Wang Tong-Hong, Li Wan-Ting, Yu Szu-Hsien, Au Lo-Chun
Institute of Biotechnology in Medicine, Department of Biotechnology and Laboratory Science in Medicine, National Yang-Ming University, Taipei, Taiwan, Republic of China.
Oligonucleotides. 2008 Sep;18(3):295-9. doi: 10.1089/oli.2008.0138.
10-23 DNAzyme is an oligodeoxyribonucleotide-based ribonuclease. It consists of a 15-nt catalytic domain flanked by two target-specific complementary arms. It has been shown to cleave target mRNA effectively at purine (R)-pyrimidine (Y) dinucleotide. Taking advantage of this specific property, 10-23 DNAzyme was designed to cleave mRNA of a given allele at a unique RY dinucleotide while leaving the mRNA encoded from other alleles of the same gene intact. In this study, a p53-R249S (AGG-->AGT) mutant was tested. 10-23 DNAzyme was used to cut mutant mRNA at GT dinucleotide of codon 249. Both in vitro and in vivo studies showed that this DNAzyme could specifically cut the mutant p53 allele, leaving the wild-type unaffected. This proof-of-concept experiment provided a new way to knock down expression of a given allele with special single-base transversion.

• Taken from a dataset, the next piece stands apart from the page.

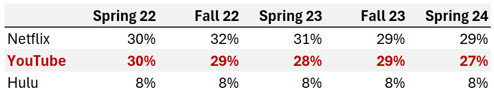 - Or in another context: YouTube in its Premium version is even a relevant player in video streaming. While the market is dominated by Netflix, Prime Video, and Disney+, according to Piper Sandler’s semiannual survey of U.S. teenagers, YouTube accounts for about a quarter of daily video consumption, almost on par with Netflix. The fact that YouTube Premium, now with well over 100 million paying subscribers, also holds a considerable position in this market was something I came across in my Disney analyses.
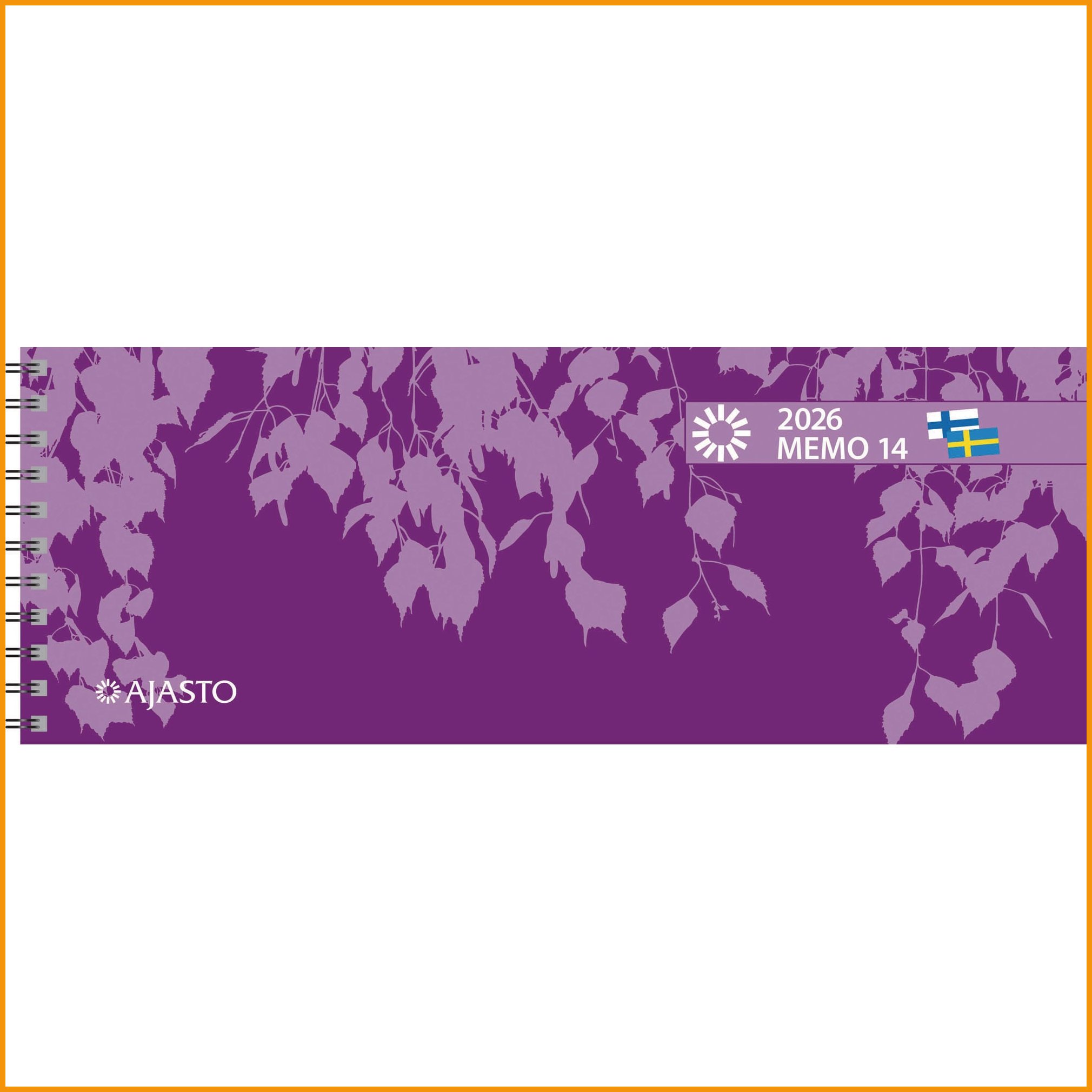 Pöytäkalenteri 2026 Ajasto memo 14 lila 255 x 95 mm tuotetiedot

10-23脱氧核酶是一种基于寡脱氧核糖核苷酸的核糖核酸酶。它由一个15个核苷酸的催化结构域组成,两侧是两个靶标特异性互补臂。已证明它能在嘌呤(R)-嘧啶(Y)二核苷酸处有效切割靶标mRNA。利用这一特性,设计了10-23脱氧核酶,使其在一个独特的RY二核苷酸处切割给定等位基因的mRNA,同时保持同一基因其他等位基因编码的mRNA完整。在本研究中,对p53-R249S(AGG→AGT)突变体进行了测试。使用10-23脱氧核酶在密码子249的GT二核苷酸处切割突变体mRNA。体外和体内研究均表明,这种脱氧核酶能特异性切割突变型p53等位基因,而不影响野生型。这一概念验证实验为通过特殊的单碱基颠换敲低给定等位基因的表达提供了一种新方法。